Photo Credit: Andres Sebastien

Yamini Kalluri & the Carnatic Ensemble

Kuchipudi dance New York, New York
Photo Credit: Andres Sebastien
Photo Credit: Andres Sebastien

As cultural traditions take root in diaspora communities, new connections between generations and cultures are both necessary and revitalizing. In New York City in 2019, acclaimed young dancer Yamini Kalluri, a master of the Kuchipudi dance of her Telugu forbearers, began a collaboration with the Carnatic Ensemble, an intergenerational trio of outstanding musicians of Tamil heritage. Their performance at the National Folk Festival braids together these two strands of South Indian tradition into a spellbinding presentation of their shared heritage.

Kuchipudi dance is named for the village where it originated in the state of Andhra Pradesh. One of India’s nine classical dance forms, Kuchipudi emerged out of the ancient tradition of Hindu dance-dramas called yakshagaana. For three centuries an ensemble form featuring male dancers, modern Kuchipudi crystalized nearly a century ago with the introduction of a solo dance tradition and the training of female dancers. Among Kuchipudi’s signature elements is its emphasis on dexterity and vigor, exemplified by a final act danced upon the rim of a brass plate.

At just 21, Yamini Kalluri has already established herself as a brilliant Kuchipudi performer, choreographer, and teacher. Born in the United States, Kalluri grew up in Hyderabad, India, where she began studying Kuchipudi dance at age seven. The form, known for its heightened used of abhinaya (expression), was a perfect outlet for Yamini. She was only 12 when her guru, the famed Padmasri Dr. Sobha Naidu, honored her talent by elevating her to the role of teacher. Yamini Kalluri has performed across India, England, and North America, and now lives and teaches in New York City.

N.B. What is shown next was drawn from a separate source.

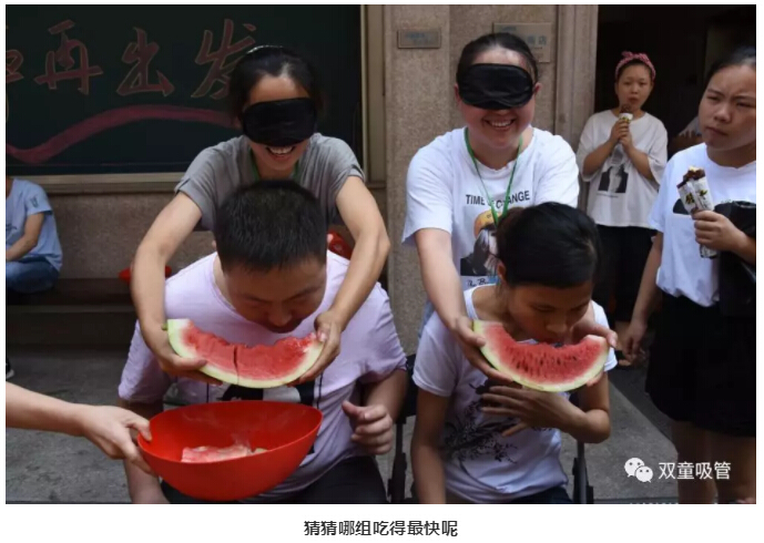 游戲的第一項(xiàng)就是“蒙眼吃西瓜”!聽到吃,大家的眼睛都亮了,笑說:吃西瓜,太簡單了!真的像大家說的很簡單嗎?快跟著妞來看看吧!
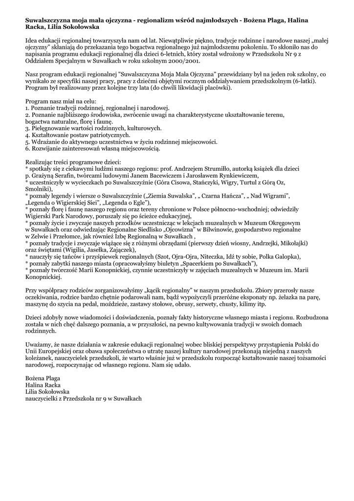 Suwalszczyzna moja mała ojczyzna - regionalizm wśród najmłodszych - Bożena Plaga, Halina Racka, Lilia Sokołowska Idea edukacji regionalnej towarzyszyła nam od lat. Niewątpliwie piękno, tradycje rodzinne i narodowe naszej „małej ojczyzny” skłaniają do przekazania tego bogactwa regionalnego już najmłodszemu pokoleniu. To skłoniło nas do napisania programu edukacji regionalnej dla dzieci 6-letnich, który został wdrożony w Przedszkolu Nr 9 z Oddziałem Specjalnym w Suwałkach w roku szkolnym 2000/2001. Nasz program edukacji regionalnej "Suwalszczyzna Moja Mała Ojczyzna" przewidziany był na jeden rok szkolny, co wynikało ze specyfiki naszej pracy, pracy z dziećmi objętymi rocznym oddziaływaniem przedszkolnym (6-latki). Program był realizowany przez kolejne trzy lata (do chwili likwidacji placówki). Program nasz miał na celu: 1. Poznanie tradycji rodzinnej, regionalnej i narodowej. 2. Poznanie najbliższego środowiska, zwrócenie uwagi na charakterystyczne ukształtowanie terenu, bogactwa naturalne, florę i faunę. 3. Pielęgnowanie wartości rodzinnych, kulturowych. 4. Kształtowanie postaw patriotycznych. 5. Wdrażanie do aktywnego uczestnictwa w życiu rodzinnej miejscowości. 6. Rozwijanie zainteresowań własną miejscowością. Realizując treści programowe dzieci: * spotkały się z ciekawymi ludźmi naszego regionu: prof. Andrzejem Strumiłło, autorką książek dla dzieci p. Grażyną Serafin, twórcami ludowymi Janem Bacewiczem i Jarosławem Rynkiewiczem, * uczestniczyły w wycieczkach po Suwalszczyźnie (Góra Cisowa, Stańczyki, Wigry, Turtul z Górą Oz, Smolniki), * poznały legendy i wiersze o Suwalszczyźnie („Ziemia Suwalska”, „ Czarna Hańcza”, „ Nad Wigrami”, „Legenda o Wigierskiej Siei”, „Legenda o Egle”), * poznały florę i faunę naszego regionu oraz tereny chronione w Polsce północno-wschodniej; odwiedziły Wigierski Park Narodowy, poruszały się po ścieżce edukacyjnej, * poznały życie i zwyczaje naszych przodków uczestnicząc w lekcjach muzealnych w Muzeum Okręgowym w Suwałkach oraz odwiedzając Regionalne Siedlisko „Ojcowizna” w Bilwinowie, gospodarstwo regionalne w Zelwie i Przełomce, jak również Izbę Regionalną w Suwałkach , * poznały tradycje i zwyczaje wiążące się z różnymi obrzędami (pierwszy dzień wiosny, Andrzejki, Mikołajki) oraz świętami (Wigilia, Jasełka, Zajączek), * nauczyły się tańców i przyśpiewek regionalnych (Szot, Ojra-Ojra, Niteczka, Idź ty sobie, Polka Galopka), * poznały zabytki naszego miasta (opracowałyśmy biuletyn „Spacerkiem po Suwałkach”), * poznały twórczość Marii Konopnickiej, czynnie uczestniczyły w zajęciach muzealnych w Muzeum im. Marii Konopnickiej. Przy współpracy rodziców zorganizowałyśmy „kącik regionalny” w naszym przedszkolu. Zbiory przerosły nasze oczekiwania, rodzice bardzo chętnie podarowali nam, bądź wypożyczyli przeróżne eksponaty np. żelazka na parę, maszynę do szycia na pedał, moździeże, zastawy stołowe, obrusy, serwety, chusty, kilimy itp. Dzieci zdobyły nowe wiadomości i doświadczenia, poznały fakty historyczne własnego miasta i regionu. Rozbudzona została w nich chęć dalszego poznania, a w przyszłości, na pewno kultywowania tradycji w swoich domach rodzinnych. Uważamy, że nasze działania w zakresie edukacji regionalnej wobec bliskiej perspektywy przystąpienia Polski do Unii Europejskiej oraz obawa społeczeństwa o utratę naszej kultury narodowej przekonają niejedną z naszych koleżanek, nauczycielek przedszkoli, że warto właśnie już w przedszkolu rozpocząć kształtowanie naszej tożsamości narodowej, rozpoczynając od własnego regionu. Nam się udało. Bożena Plaga Halina Racka Lilia Sokołowska nauczycielki z Przedszkola nr 9 w Suwałkach

As a dance form devoted to graceful and theatrical storytelling, Kuchipudi depends upon the skillful interplay between dancer and singer. Vocalist Shaaranya Pillai deftly renders these traditional epic dramas with a nuance and emotional clarity immediately accessible to modern audiences. Pillai, a New York native in her 20s, was first introduced to Carnatic music by her mother Smt. Kiruba Pillai, who began instructing her through song when Shaaranya was still in the womb. She studies now with guru Smt. Kiranavali Vidyasankar.

Carnatic percussion and melody instruments are the other essential complements to Kuchipudi dance. The mridangam, played by Bala Skandan, is the defining instrument of Carnatic music. This double-headed, barrel-shaped drum undergirds the music’s complex rhythmic structure. Skandan started his music training at age 6. Noted for his “superb musical accompaniment” by the New York Times, Skandan has accompanied established international musicians and dancers, and is the lead musician and composer for Akshara, an Indian percussion ensemble based in New York. Completing the Carnatic Ensemble is the skillful playing of young California-born violin master Parthiv Mohan. Carnatic musicians play the instrument in a unique seated position, producing a melodic expressiveness that carries the abhinaya of the dancer and singer from stage to audience.